I tried to verify that the affine hyperbola is actually an affine algebraic group. I would appreciate if someone could verify the correctness of the following argument which I gave:
The set $G=\{(u,u^{-1})$ $|$ $u\in K^*\}$ is a subgroup of the direct product $G_m\times G_m$. Also, $G\subset K\times K$ (as the affine hyperbola) is an affine variety since $G=V(f)$ where $f=x_1x_2-1 \in K[x_1,x_2]$. It remains to show that both multiplication $m:G \times G \longrightarrow G$ and inversion $i:G \longrightarrow G$ are regular maps.

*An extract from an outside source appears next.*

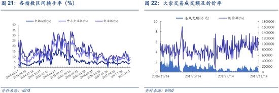 ■换手率:上周全部A股区间换手率上升0.13%达到4.3%;中小板换手率上升0.54%达到9.48%;创业板换手率上升0.29%至7.28%。

To do so, we must be able to write $m=(f_1,f_2)$ and $i = (f_3,f_4)$ for polynomials $f_1,f_2 \in K[x_1,x_2,x_3,x_4]$ and $f_3,f_4 \in K[x_1,x_2]$ $($here we make the natural identification $K^2 \times K^2 = K^4)$. Let $P :=(u,u^{-1},v,v^{-1}) \in G \times G$. Then for $m$ we have $m(P) = (uv,u^{-1}v^{-1}) = (f_1(P),f_2(P))$ where $f_1 = x_1x_3 $ and $f_2 =x_2x_4$. Similarly, let $Q:=(u,u^{-1}) \in G$. Then $i(Q)=(u^{-1},u)=(f_3(Q),f_4(Q))$ where $f_3 = x_2$ and $f_4=x_1$. This shows that $G$ is an affine algebraic group.
A priori, if we write $\mathbb G_m := \mathbb A^1\setminus \{0\}$, then it is a quasi-affine variety (i.e. a Zariski open subset of an affine variety). However, the projection from the affine hyperbola is an isomorphism (in the category of quasi-affine varieties), and so $\mathbb G_m$ is isomorphic to an affine variety.
By an absolutely standard abuse of language, we say that $\mathbb G_m$ is itself an affine variety.